Paris – Le Sommet One Health a pris fin ce mardi 07 avril 2026. En marge de cette rencontre tenue à Lyon, la Guinée a franchi une étape décisive dans la transformation de son système de santé. La Ministre de la Santé et de l’Hygiène Publique, Khaïté SALL, a engagé une offensive diplomatique de haut niveau en vue de repositionner durablement la santé mentale au cœur des priorités nationales.
Au centre de cette dynamique, une rencontre stratégique avec le Centre Hospitalier Le Vinatier, établissement de référence en psychiatrie basé à Lyon. La délégation française était conduite par son Directeur Général, Pascal Mariotti, accompagné d’experts engagés de longue date aux côtés de la Guinée, dont la Dre Marion Perin-Dureau et M. Rémy Louchard.
Un projet structurant : l’Institut National de Santé Mentale
Point d’orgue des échanges : la mise en place prochaine d’un Institut National de Santé Mentale, un projet ambitieux appelé à devenir un pilier du renouveau sanitaire guinéen.
Longtemps reléguée au second plan, la prise en charge des troubles mentaux s’impose désormais comme une urgence de santé publique. À travers cette initiative, les autorités entendent combler un déficit historique en infrastructures spécialisées, en ressources humaines qualifiées et en dispositifs d’accompagnement adaptés.
« Ce projet vise à sortir la santé mentale de la périphérie des soins pour en faire un socle central de notre système », a souligné la Ministre Khaïté SALL.

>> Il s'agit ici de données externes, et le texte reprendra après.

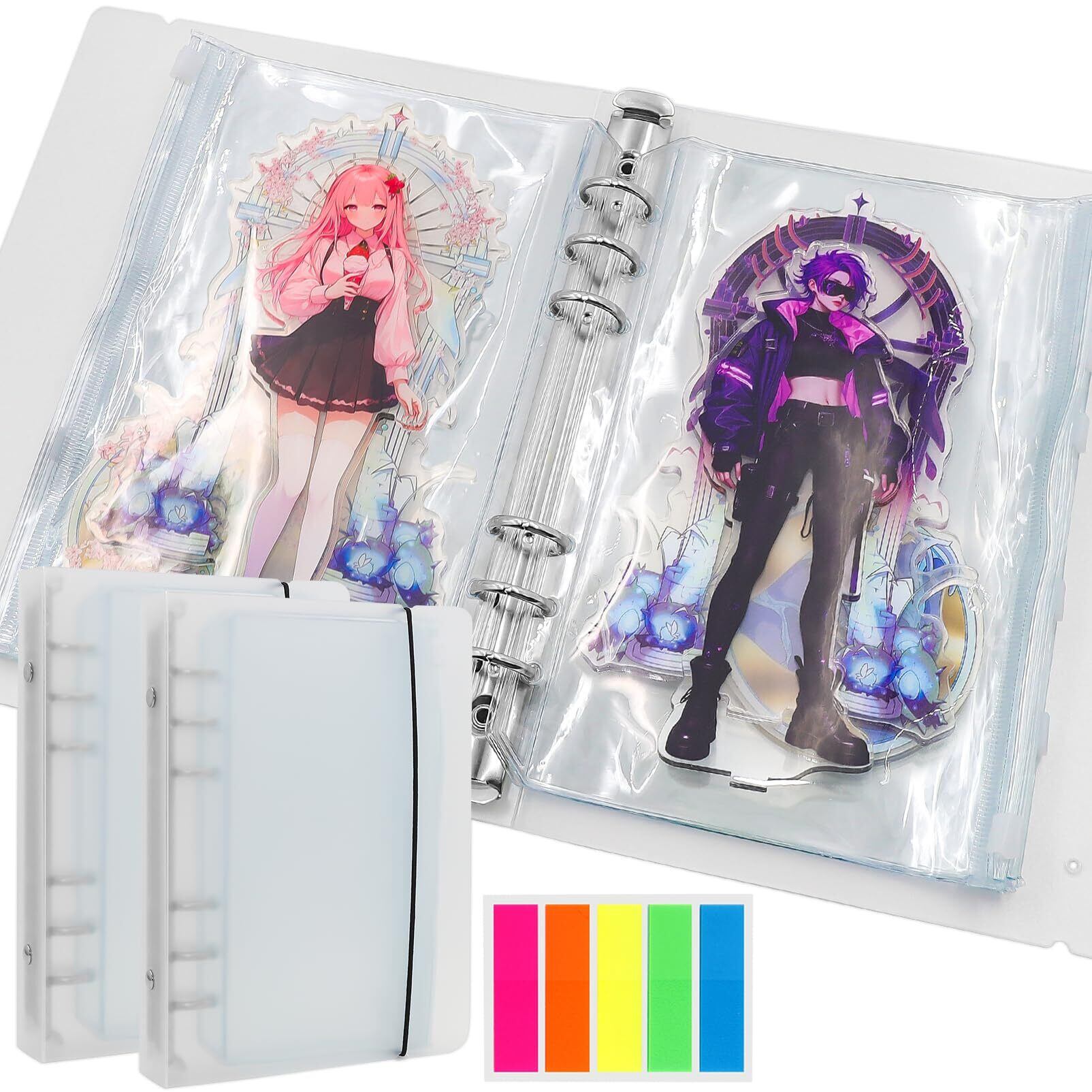 【商品仕様】アクリルスタンド 収納の仕様は次の通りです。 バインダーサイズ:23×17.5×3センチメートル*2個、ポケットサイズ:21×15センチメートル*20枚、5色付箋*20枚、ページ数:最大20ページ収容可能(最大20個のアクリルスタンドを収納できます)。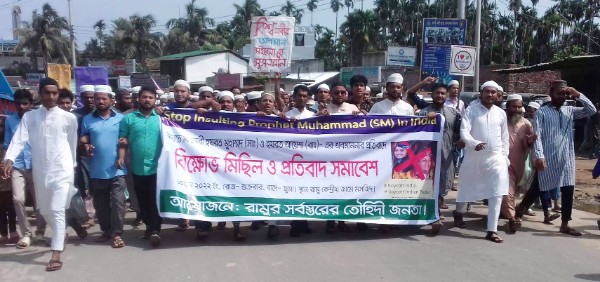 ১০ জুন শুক্রুবার জুমার নামাজের পর রামু কেন্দ্রীয় জামে মসজিদ থেকে রামুর সর্বস্তরের মুসলিম তৌহিদি জনতার ব্যানারে অনুষ্টিত বিক্ষোভ মিছিল ও প্রতিবাদ সভায় শত শত মুসল্লী অংশ গ্রহণ করেন। ‘বিশ্ব নবীর অপমান সইবে না আর মুসলমান’ শ্লোগানে শ্লোগানে মিছিলটি রামু চৌমুহনী গোলচত্বরে এসে শেষ হয়।  মিছিল পরবর্তী বিক্ষোভ সমাবেশে রামু চৌমুহনী ষ্টেশন জামে মসজিদের ইমাম ও রামু জামেয়াতুল উলুম মাদ্রাসার সিনিয়র শিক্ষক মৌলানা আব্দুল হান্নান বলেন, আমাদের প্রতিবাদ কোন রাষ্ট্রের বিরোদ্ধে নয়। আমাদের বিশ্ব নবী হজরত মুহাম্মদ (সাঃ) কে অবমাননা কারির বিরোদ্ধে। তিনি বলেন, আমরা চাই না কোন ধর্মের কিংবা ধর্মীয় মহান ব্যক্তির বিরোদ্ধে কুটুক্তি করে কেউ যেন পার পেয়ে না যায়। সমাবেশে বক্তারা ভারত সরকারের মুখপাত্রের এহেন বক্তব্যের নিন্দা জানান এবং বিশ্ব নবী হজরত মুহাম্মদ (সাঃ) ও হজরত আয়েশা (রাঃ) এর অবমাননা কারিদের যতাযত শাস্তি প্রদানের আহবান জানান। উল্লেখ্য যে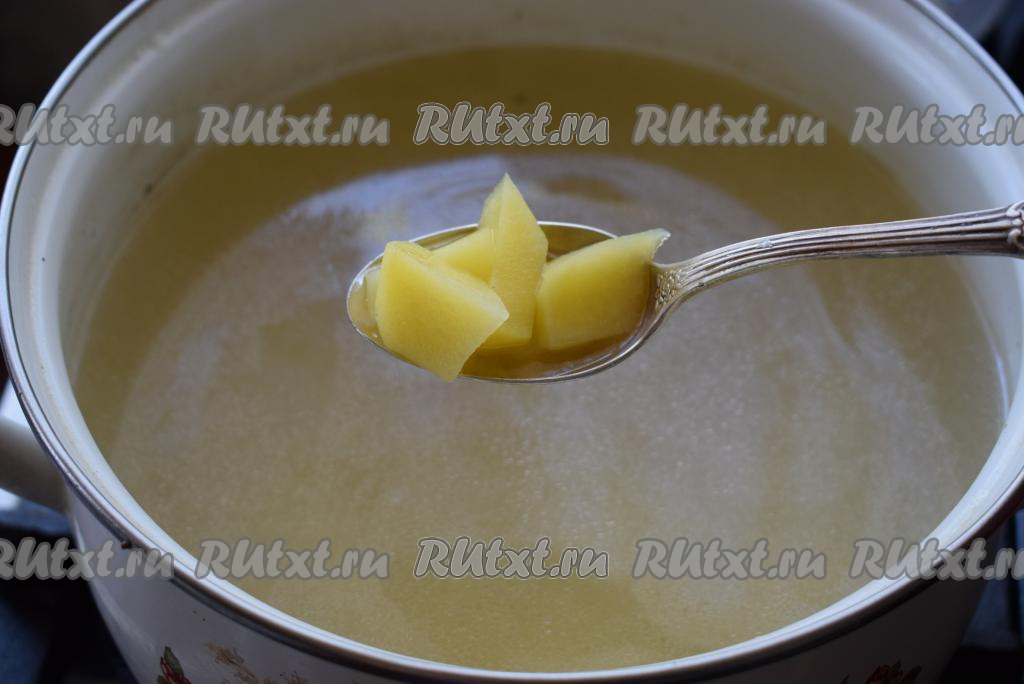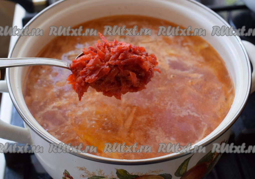 Когда картофель станет мягким, достаем, примерно, 2 столовые ложки картофеля и разминаем его в пюре, добавляем пюре обратно в бульон (делаем это для того, чтобы наш борщ стал более насыщенным).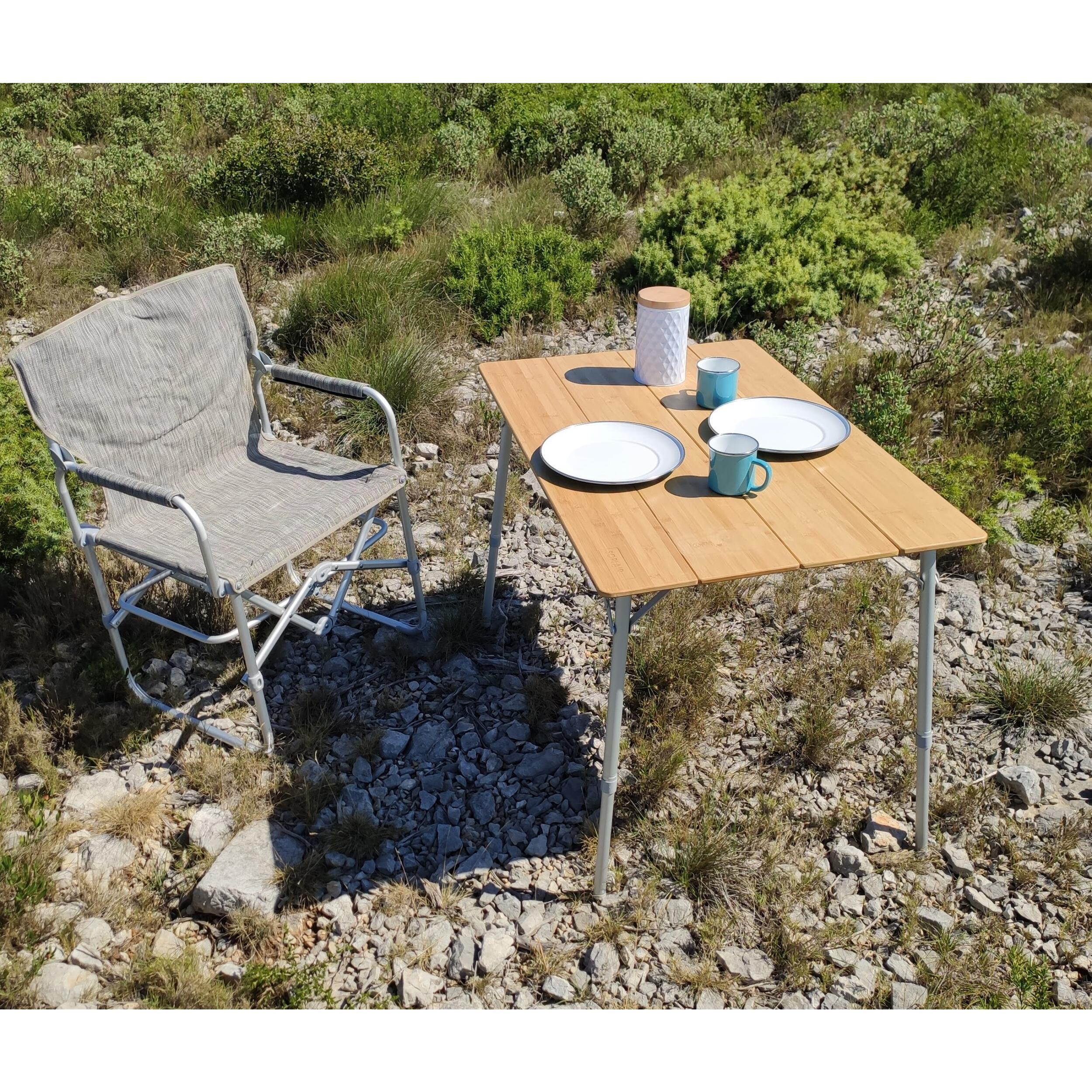Le fauteuil director Tiny est un fauteuil tout confort. Avec sa toile en textilène confortable, vous pouvez vous poser où vous le souhaitez et profiter du beau temps. Cette matière est respirante, ce qui permet de laisser circuler l'air. Avec ce fauteuil pour vanlifers, vous pouvez profiter de la vue du meilleur sport de votre voyage, vous reposer après une activité sportive, vous détendre ou toute autre activité outdoor qu'il vous plaira de faire. De belles journées et soirées en prévision !

Une coopération structurée autour de trois axes majeurs
Le partenariat entre le Ministère de la Santé et de l’Hygiène Publique (MSHP) et le Centre Hospitalier Le Vinatier repose sur une approche pragmatique et durable, articulée autour de trois priorités stratégiques : développer des infrastructures adaptées en créant des centres spécialisés conformes aux standards internationaux, tout en tenant compte des réalités socioculturelles locales, lutter contre la stigmatisation en promouvant la prise en charge respectueuse des droits humains, visant à restaurer la dignité des patients et à favoriser leur inclusion sociale et renforcer les compétences nationales par le transfert d’expertise à travers la formation de professionnels de santé guinéens, afin de bâtir un modèle autonome et résilient.
Une diplomatie sanitaire au service de la transformation
Au-delà d’un simple partenariat technique, cette initiative s’inscrit dans une vision plus large de diplomatie sanitaire proactive. En mobilisant des institutions de référence internationales, la Guinée affirme sa volonté de construire un système de santé souverain, performant et inclusif.
Cette démarche répond également aux ambitions portées par le programme Simandou 2040, qui vise à accélérer le développement structurel du pays, notamment dans le secteur social.
Vers un nouveau paradigme de santé publique
Avec ce projet d’Institut National de Santé Mentale, la Guinée amorce un changement de paradigme : intégrer pleinement le bien-être psychologique dans les politiques publiques de santé.
Ce tournant stratégique pourrait, à terme, améliorer significativement la qualité de vie des populations, réduire les inégalités d’accès aux soins et renforcer la résilience du système sanitaire face aux défis contemporains.